Problem to work on
Please reproduce the data exactly, though every picture must stay out.

Information supplied
★ ★ ★ ★

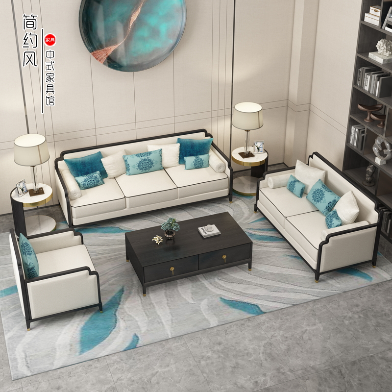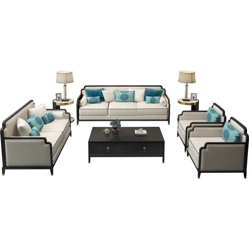 New Chinese Solid Wood Sofa Combination Modern Chinese Living Room Prototype Room Light Lavish Fabric Sofa Kit Complete Furniture
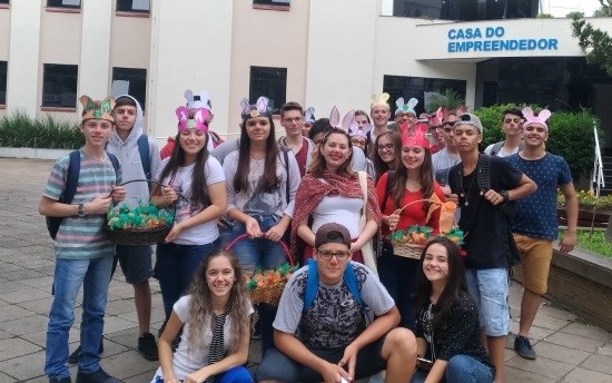 Nesta segunda-feira (26), os aprendizes do CIEE Joaçaba realizaram ação voluntária de Páscoa, levando doces para as crianças da creche
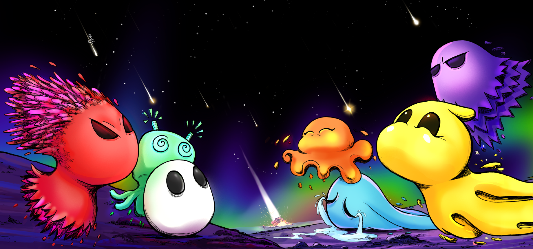 A long long time ago, colour flowed freely in the skies and grounds of Chromara. All was well for a gazillion years. But one colorful day…..strange evil monsters fell from the sky. Ravenous in their hunger, they attacked and drained all traces of hue and colour from the planet. Ambushed and desaturated, Chromara turned a lifeless grey in their wake…But deep in the heart of Chromara… there's still hope. The ancient Elixir of Colour, a prism of all life on the planet, the last beacon of hope, pulsing with the final drops of colour, is still unconquered. If it’s taken, all colour is lost forever.
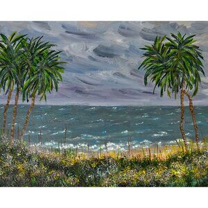 This original 8"x10" seascape acrylic painting titled "Before The Storm" captures the dramatic beauty of a coastal scene just before a storm. With expertly rendered storm clouds and choppy waves, the artwork brings a sense of movement and tension. The vibrant palm trees and sea grass add a touch of nature's resilience to this evocative piece.

★ ★ ★ ★

Answer to this task
 New Chinese Solid Wood Sofa Combination Modern Chinese Living Room Prototype Room Light Lavish Fabric Sofa Kit Complete Furniture
 Nesta segunda-feira (26), os aprendizes do CIEE Joaçaba realizaram ação voluntária de Páscoa, levando doces para as crianças da creche
 A long long time ago, colour flowed freely in the skies and grounds of Chromara. All was well for a gazillion years. But one colorful day…..strange evil monsters fell from the sky. Ravenous in their hunger, they attacked and drained all traces of hue and colour from the planet. Ambushed and desaturated, Chromara turned a lifeless grey in their wake…But deep in the heart of Chromara… there's still hope. The ancient Elixir of Colour, a prism of all life on the planet, the last beacon of hope, pulsing with the final drops of colour, is still unconquered. If it’s taken, all colour is lost forever.
 This original 8"x10" seascape acrylic painting titled "Before The Storm" captures the dramatic beauty of a coastal scene just before a storm. With expertly rendered storm clouds and choppy waves, the artwork brings a sense of movement and tension. The vibrant palm trees and sea grass add a touch of nature's resilience to this evocative piece.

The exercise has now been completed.